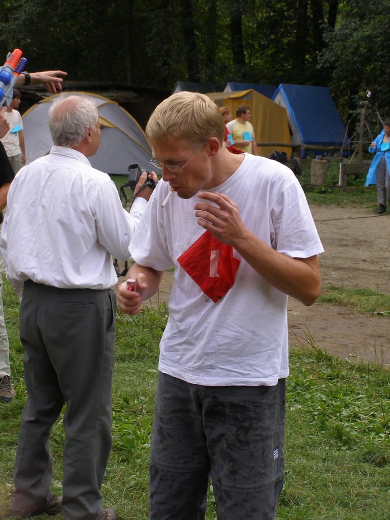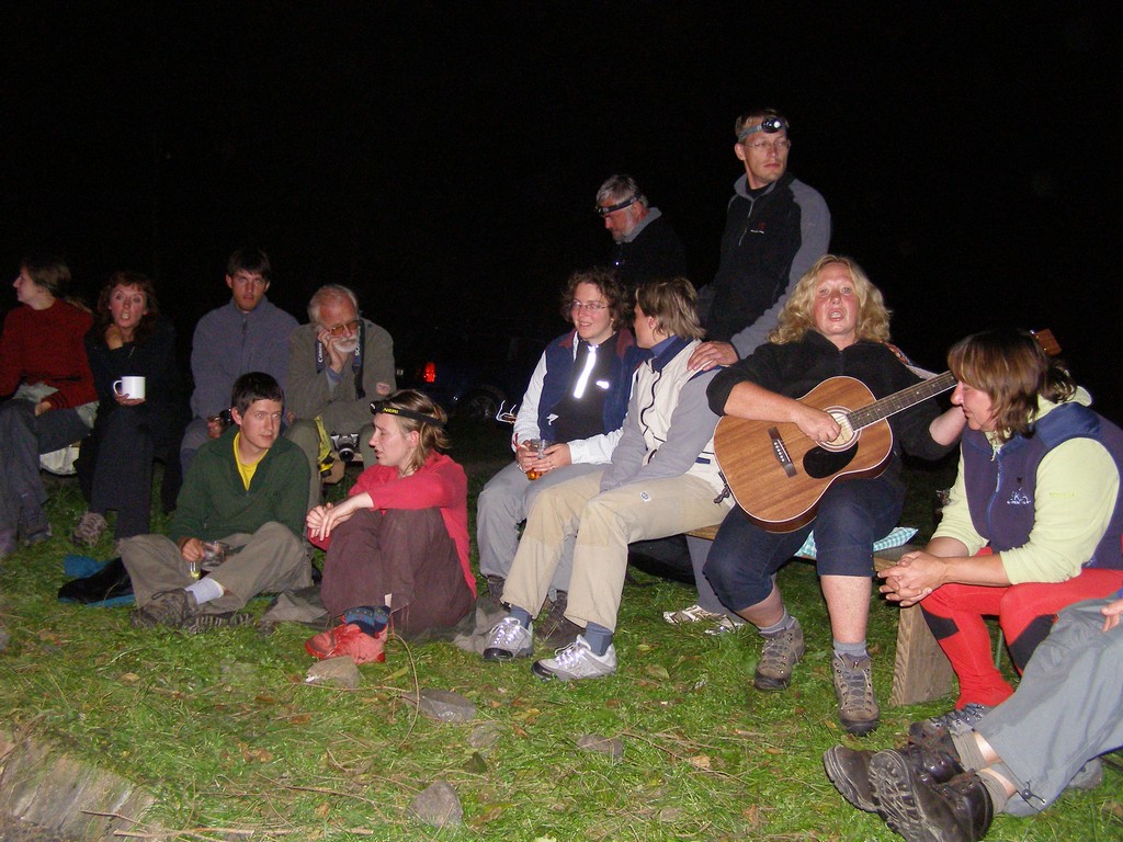 Prométheovka se tentokrát šla se sirkama (schválně, jak daleko dojdete s jednou hořící sirkou?) a večerní program byl obohacen také o taneční soutěž. Parket byl nasvícen reflektory aut, z jednoho z nich se linula reprodukovaná hudba (Jen pro ten dnešní den...). Zvláštní na Lesních hrách, ale při pohledu na zpívajícího Šimona a dámské sbory, jsme organizátorům museli i tuto ne zrovna lesní soutěž odpustit. Potom už jenom oheň, kytary, jinovatka. Poslední píseň, kterou si vybavuji, byla "Pátá", která opravdu zazněla v pět nad ránem.
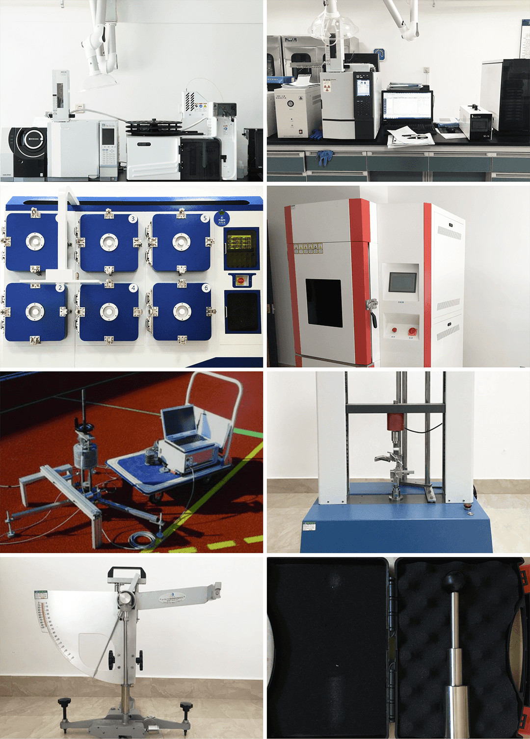 正信檢測(cè)以固定、可移動(dòng)兩種方式進(jìn)行檢測(cè),建立了專業(yè)運(yùn)動(dòng)場(chǎng)地合成材料面層及原材料實(shí)驗(yàn)室等。企業(yè)配備了先進(jìn)的儀器設(shè)備,包括進(jìn)口氣相色譜-質(zhì)譜聯(lián)用儀(GC-MS)、塑膠跑道面層耐老化試驗(yàn)箱、專業(yè)VOC環(huán)境測(cè)試艙、拉力試驗(yàn)機(jī)、沖擊吸收檢測(cè)儀/垂直變形測(cè)試儀、抗滑值測(cè)定儀、塑膠跑道三針測(cè)厚儀等。
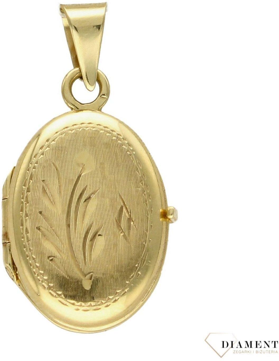 Otwierana zawieszka owalna zdobiona liściem marki Diament wykonana ze złota próby 585. Piękny sekretnik w którym można schować fotografię bliskiej osoby lub liścik z wyznaniem. To doskonały pomysł na prezent dla ukochanej osoby. Zawieszka ma długość 3 cm z oczkiem 3 cm, szerokość 1,5 cm, waga około 4,26 gram. Na zawieszce można wykonać indywidualny grawer, dzięki któremu zawieszka będzie świetnym prezentem, długo zapamiętanym. Złota biżuteria dostępna w naszym sklepie to połączenie klasy, stylu oraz elegancji. Starannie wyselekcjonowane dodatki zachwycają wysoką jakością użytych materiałów, dbałością o każdy, nawet najmniejszy szczegół oraz niebywałą precyzją wykonania. Stworzone z myślą o każdej kobiecie, doskonale prezentują się w każdych warunkach. Zapraszamy do zapoznania się z pozostałą częścią naszej wyjątkowej kolekcji. Sprawdź pozostałą ofertę! > Złota biżuteria Stwórz swój wymarzony komplet! > Złote naszyjniki > Złote bransoletki > Złote pierścionki > Złote kolczyki Nasz sklep internetowy z biżuterią dla kobiet jest autoryzowanym sprzedawcą najwyższej jakości złota w Polsce. Cała kolekcja biżuterii Diament zakupiona w naszym sklepie posiada 2 letnią gwarancję i zapakowane są w oryginalne opakowanie.

####

Exercise requirements =
Print exactly what appears from the first line of the listing above down to the line containing "正信檢測(cè)以固定、可移", inclusive, and leave out all pictures.

Task output =
 Prométheovka se tentokrát šla se sirkama (schválně, jak daleko dojdete s jednou hořící sirkou?) a večerní program byl obohacen také o taneční soutěž. Parket byl nasvícen reflektory aut, z jednoho z nich se linula reprodukovaná hudba (Jen pro ten dnešní den...). Zvláštní na Lesních hrách, ale při pohledu na zpívajícího Šimona a dámské sbory, jsme organizátorům museli i tuto ne zrovna lesní soutěž odpustit. Potom už jenom oheň, kytary, jinovatka. Poslední píseň, kterou si vybavuji, byla "Pátá", která opravdu zazněla v pět nad ránem.
 正信檢測(cè)以固定、可移動(dòng)兩種方式進(jìn)行檢測(cè),建立了專業(yè)運(yùn)動(dòng)場(chǎng)地合成材料面層及原材料實(shí)驗(yàn)室等。企業(yè)配備了先進(jìn)的儀器設(shè)備,包括進(jìn)口氣相色譜-質(zhì)譜聯(lián)用儀(GC-MS)、塑膠跑道面層耐老化試驗(yàn)箱、專業(yè)VOC環(huán)境測(cè)試艙、拉力試驗(yàn)機(jī)、沖擊吸收檢測(cè)儀/垂直變形測(cè)試儀、抗滑值測(cè)定儀、塑膠跑道三針測(cè)厚儀等。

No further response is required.